The fears that this is about to end are well founded. The power of NGO officials is likely to decline following criticism initiated by NGO Monitor’s reports, and expanded by groups like Reut. NIF’s donors are beginning to realize that beyond “progressive” social causes and support of a moderate “two-state solution,” their contributions – along with two $20 million grants from the Ford Foundation to NIF – enable hard-core Israel-bashing.

Like addicts who cannot admit they have a problem, much less fix it, ideological pundits such as Chazan, Baskin, Newman, and Alpher desperately attempt to rationalize the huge gap between their pristine self-image and the ugly reality. Similarly, they label anyone not sympathetic to the NIF/NGO ideology as a right-wing extremist — demanding tolerance, but only for themselves. Baskin’s diatribe in the Jerusalem Post accuses NGO Monitor of “going after” organizations that have “a different agenda from the current right-wing religious government,” ignoring NGO Monitor’s work during the Olmert and Kadima years. In his Alice-in-Wonderland world, the Israeli electorate and its representatives are the enemy, while the true democrats are self-appointed NGO officials who "go after" political opponents by promoting boycotts and false war crimes allegations.

NIF’s spiritual leader Leonard Fein, who equates Arafat and Hamas leaders with Martin Luther King, uses his column in the Forward to wage war on NGO Monitor. For his part, Alpher lashes out irrationally at NGO Monitor for initiating a “witch hunt against Israeli human rights advocates and their funders”.
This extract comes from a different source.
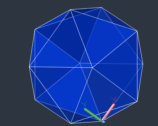 Concluiu-se a construção do icosaedro, recorrendo aos comandos UCS (selecionando 3 pontos), ERASE e SURFSCULPT.
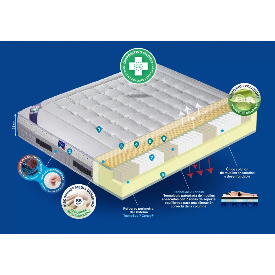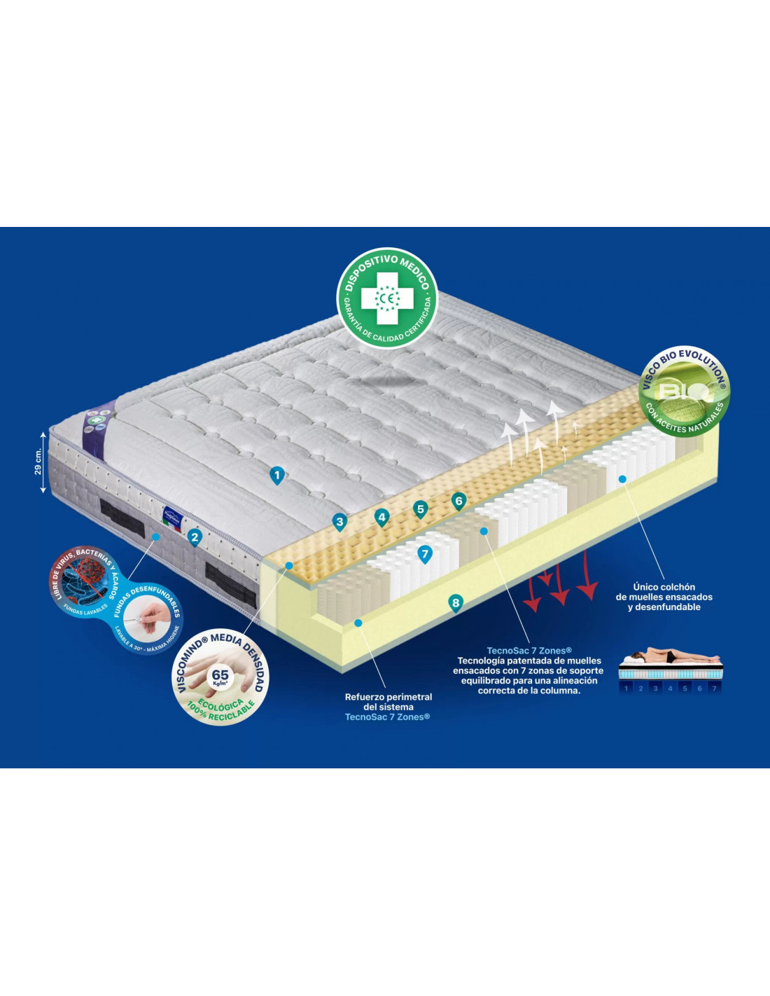 Núcleo de muelles ensacados TecnoSac 7 Zones® (1.500 muelles en cama doble / 900 muelles en cama simple) de 14 cm. de altura, distribuidos en 7 zonas de descanso, mediante muelles con alambres de diferente diámetro.

Similarly, Newman conjures shadowy right-wing conspiracies “on the part of these well-funded organizations to silence and delegitimize anyone who holds pro-peace, pro-human rights positions, views which uphold the very best of democratic and Jewish traditions.” His one-dimensional ideological gaze is limited to two possible positions – far left and far right (meaning anyone with whom he disagrees).

Eager to impose this ideological straitjacket, NIF defenders are not above inventing evidence. For example, in absurdly attacking NGO Monitor’s legal action against the European Commission for violating its own rules on transparency by hiding the details of its NGO funding, Newman falsely asserts that our legal team, headed by Trevor Asserson, is receiving a fee from imagined “right-wing” donors.

NGO Monitor’s fact-driven research contrasts sharply with the false claims, inflammatory attacks, and Nixonesque dirty tricks employed by NIF officials and supporters. Mitch Plitnick, B’Tselem’s paid lobbyist in Washington, has repeatedly, and libelously, called me a “liar” on his blog and on Twitter as well as employing crude expletives. NIF’s Ben Murane showed similar “professionalism” in posting a lewd image attacking me on his blog. These are the real examples of intimidation, anti-democratic hysteria, and attempts to silence critics.

The fear of losing influence is understandable, but Chazan, Baskin, Newman, and Alpher may come to recognize their roles in the war against the Zionist goals they claim to support. Instead of clinging desperately to power through attacks on imagined “enemies,” NIF and its allies must be open to dialogue with critics like NGO Monitor to end the exploitation of human rights through the Durban and Goldstone strategies.

Prof. Gerald M. Steinberg is president of NGO Monitor and a professor of Political Science at Bar Ilan University.